Spanish reputation management company

Eliminalia, rebranded as 'Idata Protection' in January 2023 is a Spanish company which has specialized in reputation management. It was founded in 2011 by Diego Sánchez, known as Dídac Sánchez. The technical offices are in Kyiv, Ukraine. Eliminalia is the property of Maidan Holdings, a Miami-based holding company.

In 2015, Eliminalia offered its services without charge to anyone affected by the Ashley Madison data breach.

In 2020, Eliminalia received several vanity awards: Technology Innovator Awards 2020 by AI Global Media and Cyber Security Company of the Year by Corporate LiveWire.
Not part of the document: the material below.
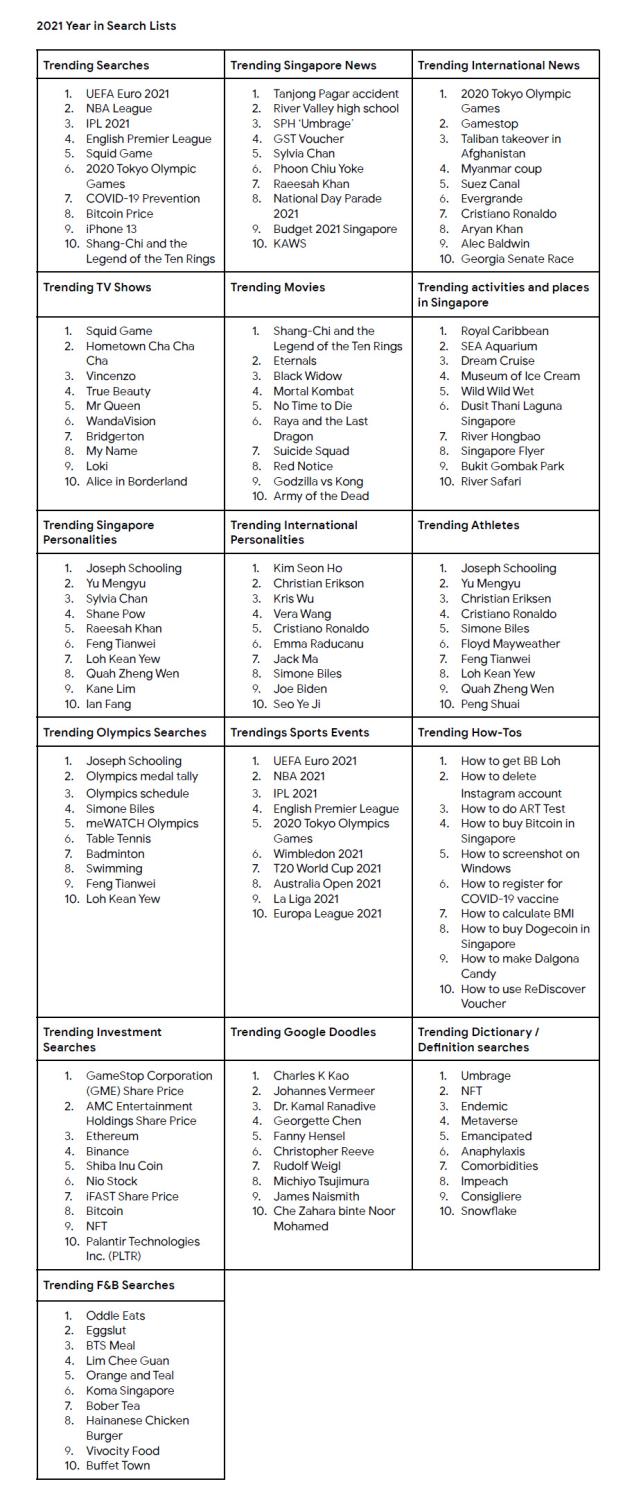 Sports also featured strongly in the Top Trending Searches list, with the UEFA Euro 2021, NBA League, India Premier League and English Premier League taking the top four places and the Tokyo Olympics ranking sixth. Local athletes like Joseph Schooling, Yu Mengyu, Loh Kean Yew and Quah Zheng Wen also appeared in several of the lists.

In 2021, Qurium, an NGO dedicated to the defense of digital rights, accused Eliminalia of creating a network of fake websites with back-dated articles and then spamming them with apparently legal DMCA takedown notices and GDPR complaints. These were intended to take down articles referring to corruption in Angola regarding Isabel dos Santos and Vincent Miclet.

==Internal documents leak==

In 2023, after a news leak of approximately 50,000 internal documents to French nonprofit Forbidden Stories, the company was accused of using 'blackhat tactics' to help clients in 50 countries, including torturers, convicted criminals, corrupt politicians, scammers and spyware companies to erase their past from the internet. Eliminalia allegedly uses an array of underhanded tactics to stifle criticism of its clients, from intimidating journalists to churning out fake news on websites such as Taiwan Times, Mayday Washington, CNN News Today, and London Uncensored - all of which are connected to Maidan Holdings (Eliminalia's parent company).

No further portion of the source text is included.